Здесь переход от оскорбительной интонации к просьбе о прощении столь быстр и резок, что искренность слез героя не вызывает у нас полного доверия. По-иному видится проблема И.С.Эвентову:
"Здесь любовь попрана, низведена до плотского чувства, женщина обезображена, сам герой деморализован, и его прерываемая буйством тоска лишь в самом конце сменяется ноткой жалостливого раскаяния (...)
Невольно напрашивается мысль об известной нарочитости, демонстративности изображаемой поэтом картины (и употребляемой им лексики), о том, что он как бы выставляет напоказ всю мерзость кабацкого омута, в которую он погрузился и который его ничуть не радует, не утешает, а наоборот - тяготит" (41; 109).
Все же следует отметить, что при всей "сниженности" лексики данного стихотворения, ей далеко до нецензурщины, хлынувшей в литературный поток в наши дни.

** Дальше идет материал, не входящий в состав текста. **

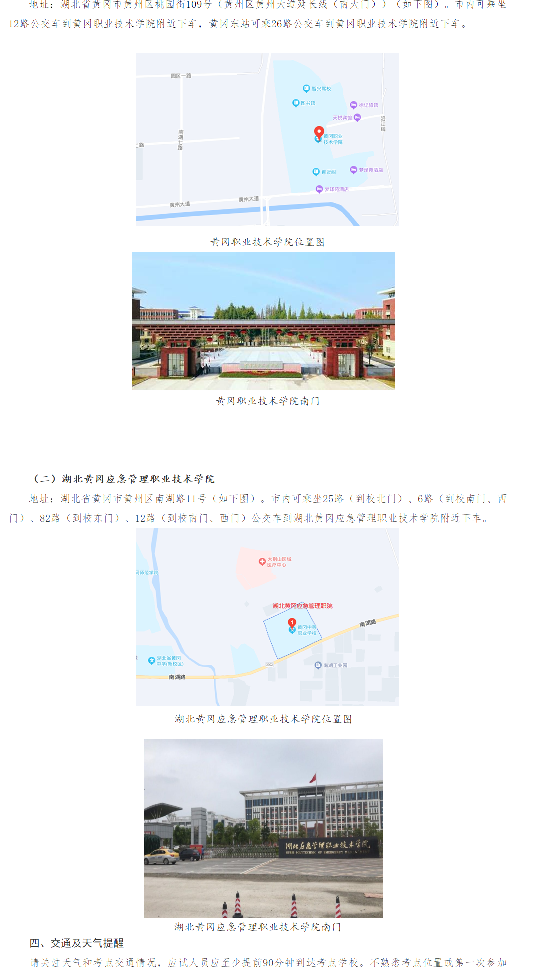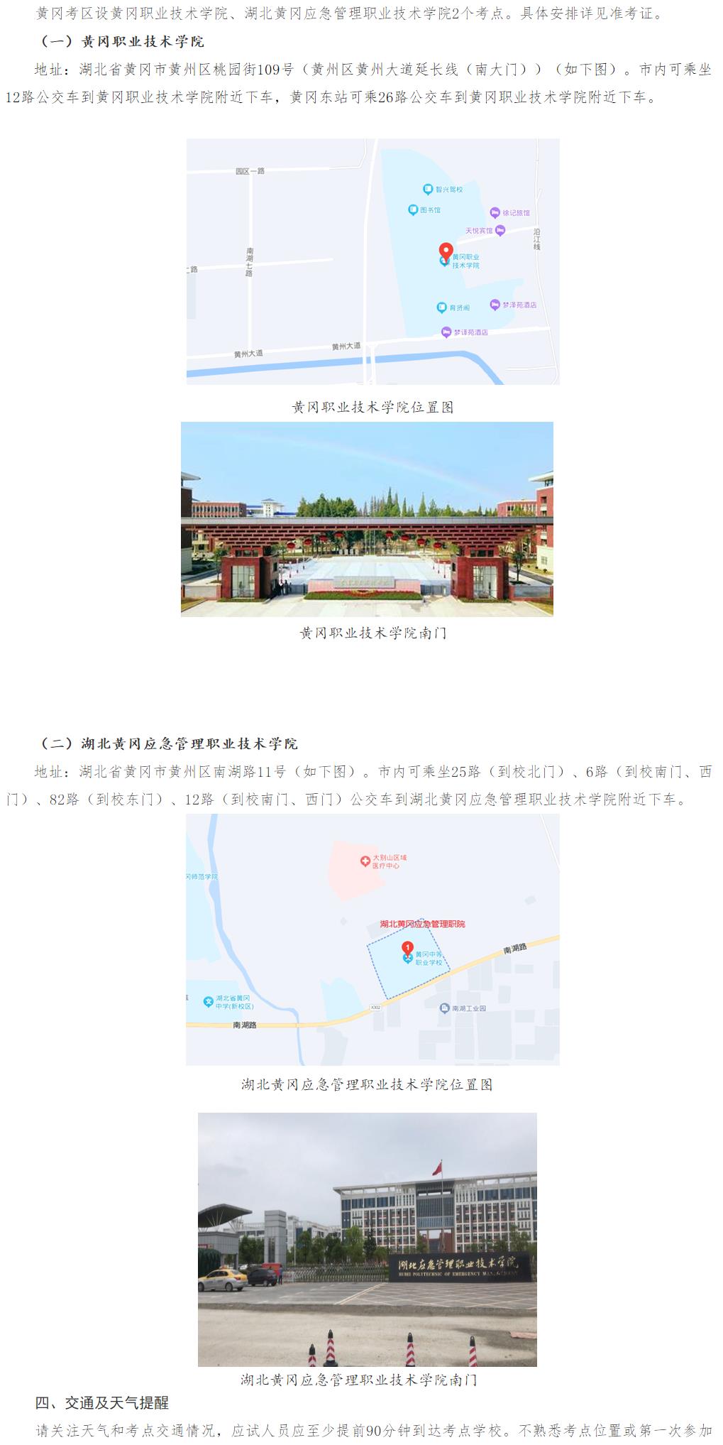三、黃岡考區(qū)考點(diǎn)設(shè)置及交通路線
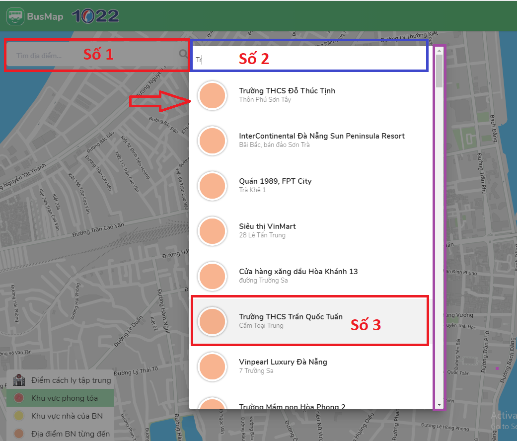 tìm kiếm (số 1) - Nhập vị trí tìm kiếm tại ô “Tìm địa điểm có nguy cơ lây nhiễm …” (số 2)
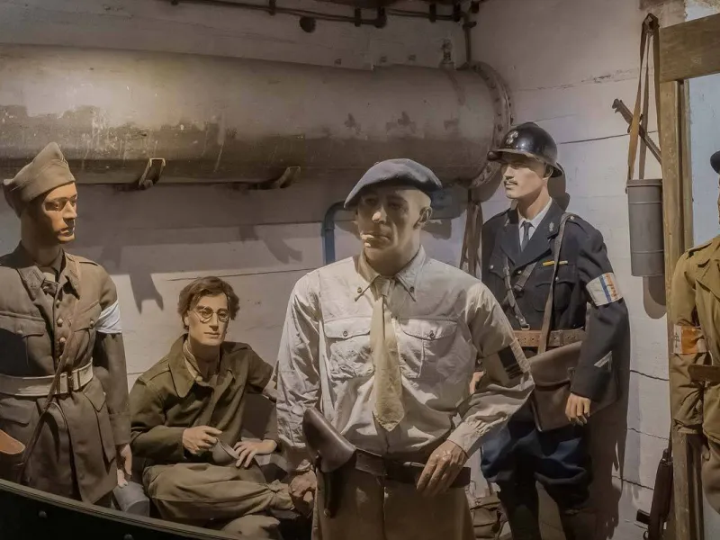 La Deuxième Guerre Mondiale en Vendée. Visite unique et immersive dans un authentique blockhaus de 350m² pour un voyage dans le temps palpitant !Découvrez l'histoire des Sables d'Olonne de 1939 à 1945 à travers des panneaux explicatifs illustrées, un film pédagogique et des scènes grandeur nature avec mannequins tous en tenue d'époque.
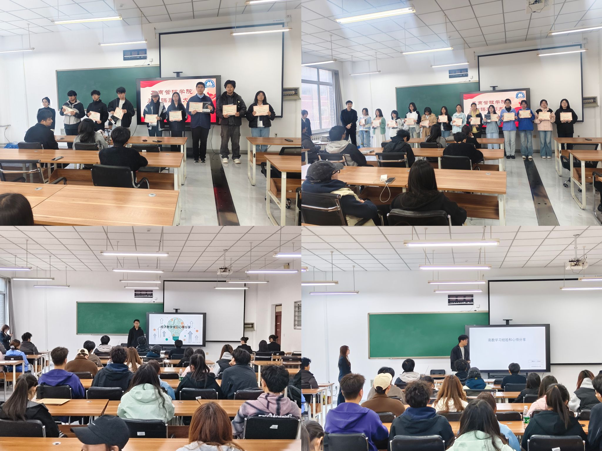 在学习经验分享环节,高等数学、经济数学课程高分学生代表依次发言,结合自身学习历程,从课堂专注听讲、课后及时复盘、错题整理归纳、考前高效复习等方面,分享实用学习方法与备考心得,为在场同学提供了可借鉴、可操作的学习思路,互动交流积极踊跃,现场反响热烈。
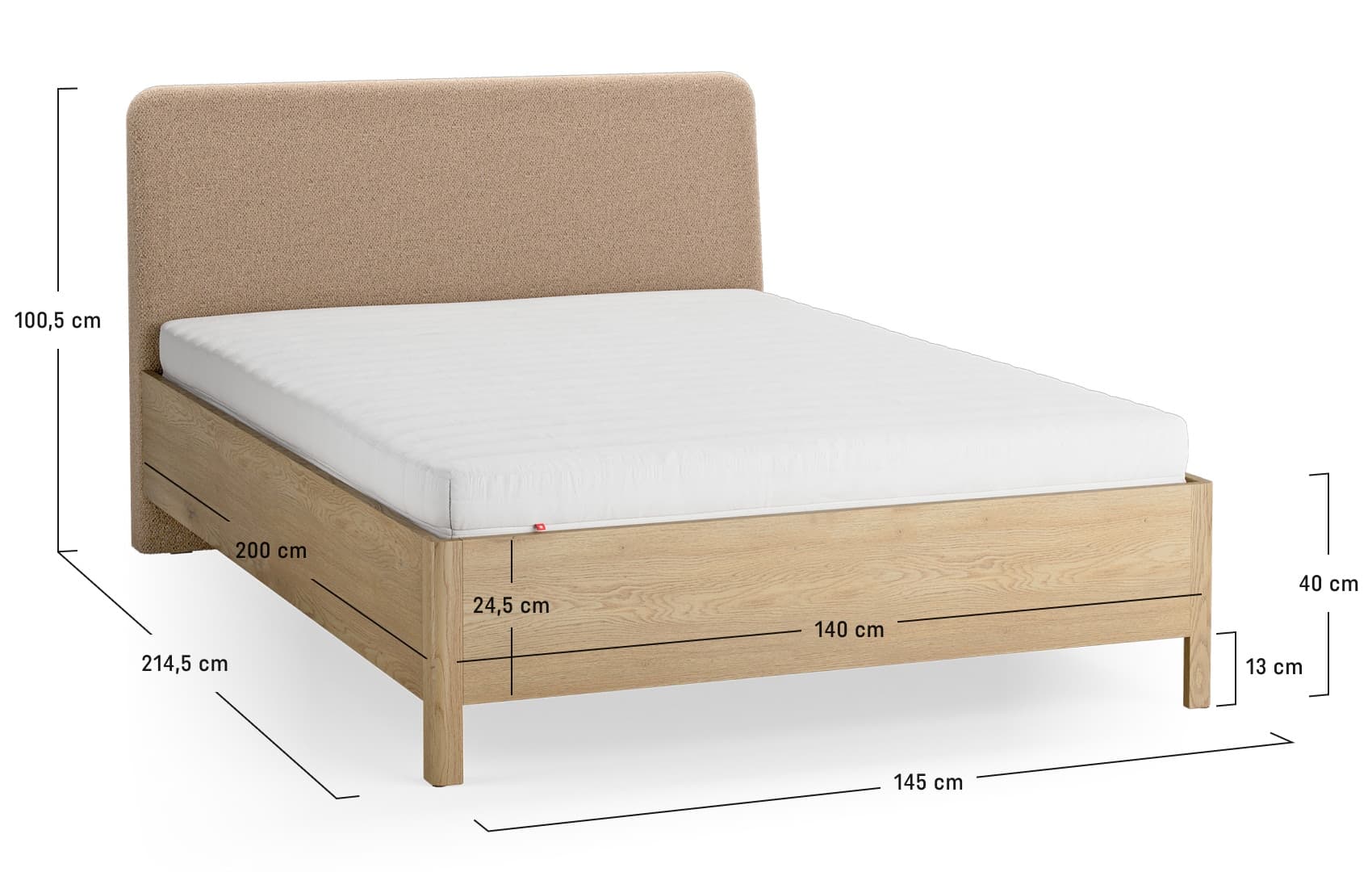- Der Korpus des Bettes steht auf Eichenholzfüßen, die den Korpus über den Boden heben, ihm Leichtigkeit verleihen und die Ordnung im Schlafzimmer erleichtern.
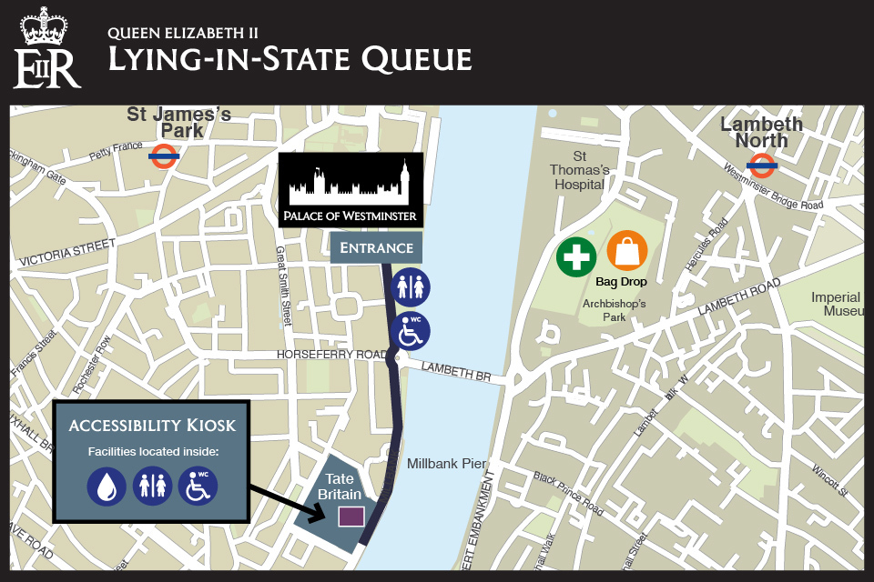 The accessible queueing scheme opens at 5pm on Wednesday, 14 September. It will be open 24 hours a day until the Lying-in-State closes at 6.30am on Monday 19 September. Please note that the queue may close early to ensure as many visitors in the queue as possible can enter the Palace before the Lying-in-State period comes to an end.
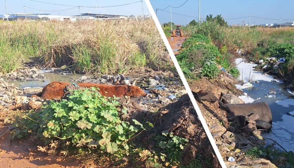 جنين – صحفيون عرب من اجل المناخ – رامي دعيبس – تتعرض منطقة مجرى واد المقطع العابر لمرج ابن عامر، وهو شريان حيوي في “سلة فلسطين الخضراء”، لانتهاكات بيئية جسيمة تتمثل في التعدي على حدود المجرى وإلقاء النفايات الصلبة وجثث الحيوانات النافقة من الأبقار والأغنام بشكل عشوائي. ويؤدي وجود هذه الجثث إلى خلق بيئة مثالية لتكاثر الكلاب الضالة والخنازير البرية، حيث توفر لها مصدرًا غذائيًا مستدامًا، علماً أن الحد من هذه الظاهرة يساهم بشكل مباشر في مكافحة أعداد الكلاب الضالة. وبالإضافة إلى ذلك، تسبب الحيوانات النافقة الملقاة في مجرى الوادي انتشار العديد من الأمراض في المناطق الزراعية المحيطة، مما يشكل خطراً مباشراً على القطعان الأخرى التي ترعى في المنطقة وقد تدخل إلى المجرى.
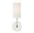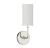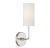 With the Savoy House Powell 1-light sconce, get simply chic lighting that will add a touch of brightness in any room. Use Powell solo or in groupings to meet any accent lighting need throughout the house! The tall cylindrical shade of white fabric pairs nicely with the effortlessly curving arm and polished nickel finish. Powell is 15" in height, 5" in width and extends 5.5" from the wall. It uses one candelabra size bulb of up to 60 watts. Damp area rated.
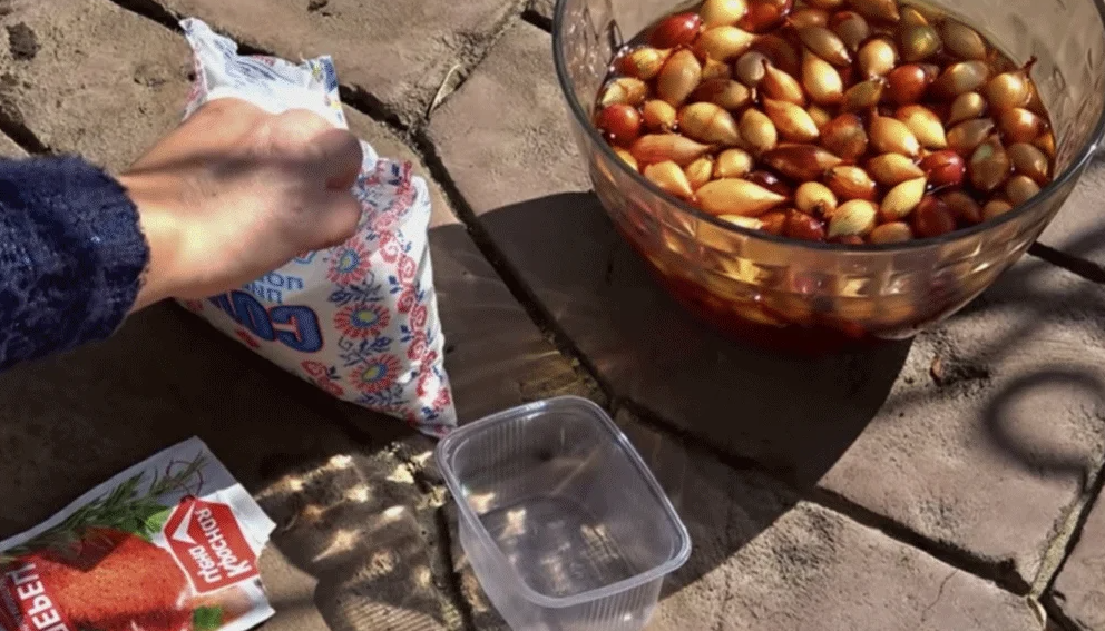 Вот тут начинается магия. Берём обычный нашатырный спирт (10%). Да-да, аптечный. Разводим: 1 столовую ложку на литр тёплой воды. Замачиваем туда луковицы минут на 20–30. Пусть постоят, согреются, пропитаются.
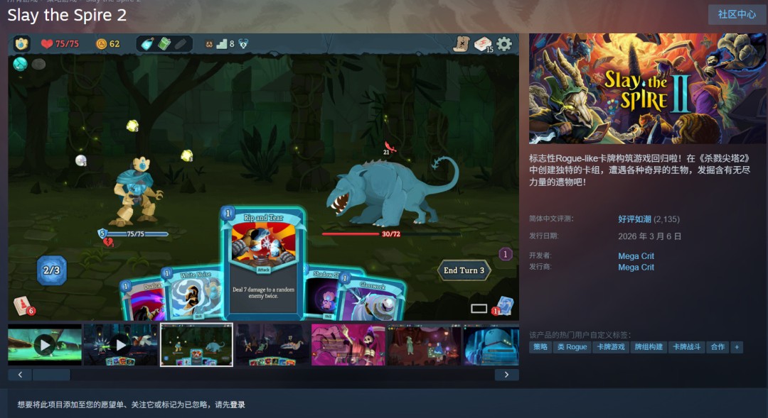 《杀戮尖塔2》峰值破41万 “嘲讽”《马拉松》是小游戏
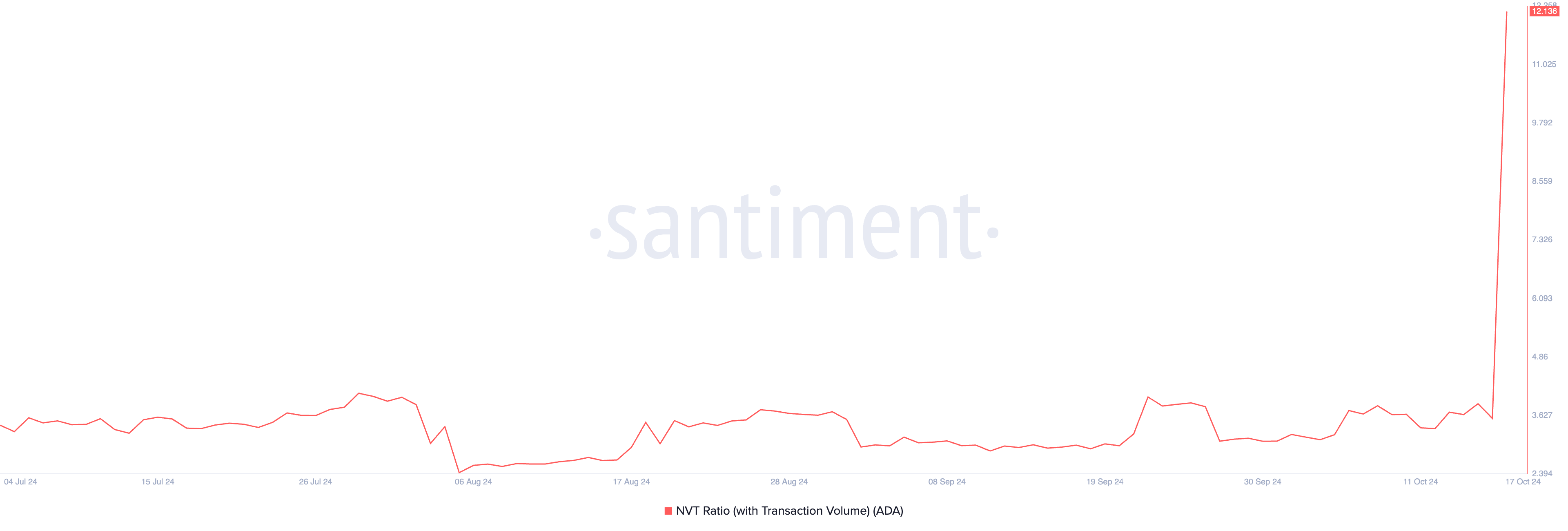 في وقت كتابة هذا التقرير، نسبة قيمة شبكة كاردانو إلى المعاملات (NVT)، التي تقيم قيمتها، تقع عند أعلى مستوى لها منذ فبراير 2023. وفقاً لبيانات Santiment، هذه النسبة هي 12,13.
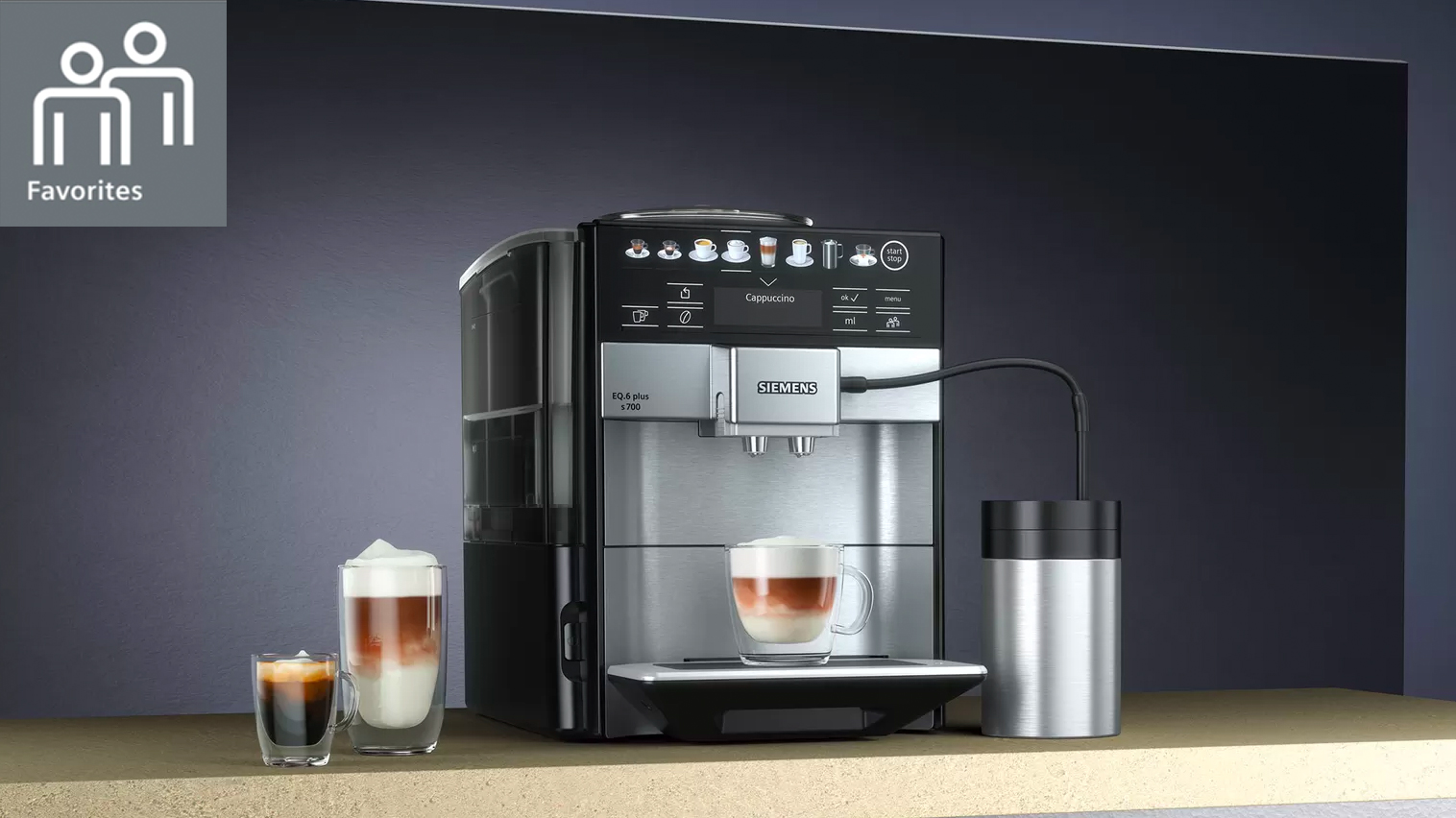 Siemens EQ6‑espressomaskinen är enkel att underhålla och ger själv besked när den ska rengöras, avkalkas eller ha filterbyte.
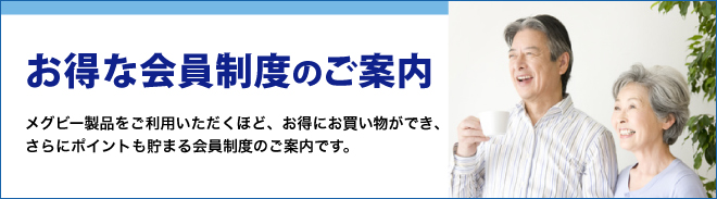 1年間のお買い上げ金額に応じてメグビー製品を割引価格にてご購入いただけます。会員ランクの集計は毎月行いますので条件を満たせば翌月から特典をご利用になれるお得なサービスです。さらに、お支払いに使えるポイントも貯まり、その他にもさまざまな特典をご用意しております。

А главное - "соль" стихотворения не в "неприличных словах", а в осознании героем вины и боли.
Двойственное отношение к "объекту" любви наблюдается и в стихотворении "Пой же, пой на проклятой гитаре", где, с одной стороны, поэт заглядывается на красивые запястья женщины и "плечей ее льющийся шелк", ищет в ней счастье, а - находит гибель. Герой готов примириться с тем, что она целует другого, называет ее "молодой красивой дрянью" и тут же: "Ах, постой. Я ее не ругаю. Ах, постой. Я ее не кляну..." И последующие прекрасные строки: "Дай тебе про себя я сыграю Под басовую эту струну"- раскрывают внутреннее состояние человека, спокойно, без надрыва осознающего свое увлечение "предметом", не достойным его внимания, но при этом не торопящимся с выводами, как будто и такое положение его тяготит не очень. Но во второй части стихотворения герой вновь сползает до пошлой бытовщины, бравируя перечислением своих побед над женщинами, низводя смысл и назначение жизни до "постельного уровня": "Наша жизнь - простыня да кровать, Наша жизнь - поцелуй да в омут". И несмотря на будто бы оптимистическую заключительную строку ("Не умру я, мой друг, никогда"), стихотворение оставляет тягостное впечатление. Становится понятно, что в этом "логове" "нет места человеческой радости, нет и надежды на счастье. Любовь здесь не праздник сердца, она приносит человеку гибель, она губит его, словно чума" (41; 109-110).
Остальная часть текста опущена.